I would have liked to formally evict her, so that there would be a record of her eviction to impact her ability to rent in the future, but the eviction service I contacted told me I could not evict in Philadelphia because, due to the now uninhabitable condition of the house, she could not technically live there. Is this correct? I couldn't evict her because she created so much damage to the house that she couldn't live there? As part of the water and mold remediation, which took place within two days of her reporting the "leak", the entire kitchen had to be removed, and the electricity was non-functional, as well as no running water for several days until all new plumbing could be installed, so it was, at that point, not habitable.
Still no way to get the incident on her rental record, except a civil judgment against her for damages?
Expert:  Law Educator, Esq. replied 1 year ago.
Thank you for your question. I look forward to working with you to provide you the information you are seeking for educational purposes only.
I am afraid that if your policy required the claim within 14 days and she made the repair on her own, even negligently, and did not report it to you, SHE is the one liable for damages to you.
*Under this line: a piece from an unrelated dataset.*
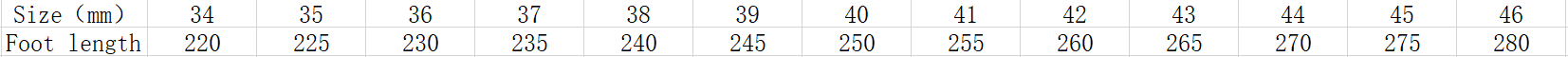 Size: 36, 37, 38, 39, 40, 41, 42

I believe based on everything you said above, you have a great case against the tenant for damages, but the insurance company I am sorry to say would not have to provide coverage for the water damages if it is not within the policy terms of your policy requirements.
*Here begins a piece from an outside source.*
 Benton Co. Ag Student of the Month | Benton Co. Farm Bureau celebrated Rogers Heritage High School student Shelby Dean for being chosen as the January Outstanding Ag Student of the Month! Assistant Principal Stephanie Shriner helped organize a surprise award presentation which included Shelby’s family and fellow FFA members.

You are going to have to sue her for your damages and get a judgment against her. Of course, as you are suspecting she likely has no money you will recover the $62K judgment from, but she is the liable party and not the insurer, since you did not get notice from the tenant and that is the tenant's fault not the insurer's fault.
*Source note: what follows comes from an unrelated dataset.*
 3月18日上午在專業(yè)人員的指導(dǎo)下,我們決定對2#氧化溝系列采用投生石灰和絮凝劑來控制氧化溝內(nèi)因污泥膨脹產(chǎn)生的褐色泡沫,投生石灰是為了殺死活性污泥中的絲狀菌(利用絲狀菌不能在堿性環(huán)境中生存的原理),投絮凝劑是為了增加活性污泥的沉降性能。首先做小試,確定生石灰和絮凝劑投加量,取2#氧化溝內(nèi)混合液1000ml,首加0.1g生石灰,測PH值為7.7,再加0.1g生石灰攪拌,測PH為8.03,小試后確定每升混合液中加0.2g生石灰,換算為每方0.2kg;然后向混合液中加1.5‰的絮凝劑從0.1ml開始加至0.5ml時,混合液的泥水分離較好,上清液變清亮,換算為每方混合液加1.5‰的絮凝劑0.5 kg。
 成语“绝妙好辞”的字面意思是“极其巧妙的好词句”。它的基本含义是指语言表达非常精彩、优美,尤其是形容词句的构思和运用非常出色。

Customer: replied 1 year ago.
Is it possible to garnish wages to recover once I've had a judgment entered against her in Philadelpia, PA? How hard is it to compel payment?
Expert:  Law Educator, Esq. replied 1 year ago.
Thank you for your reply.
Unfortunately, PA law does not permit wage garnishment unless it is for child support or government debt or unpaid rent and garnishment is limited to 10% of the employee's pay. It is fairly tough in PA to force payment unless they own property you can seize to sell to get your judgement paid.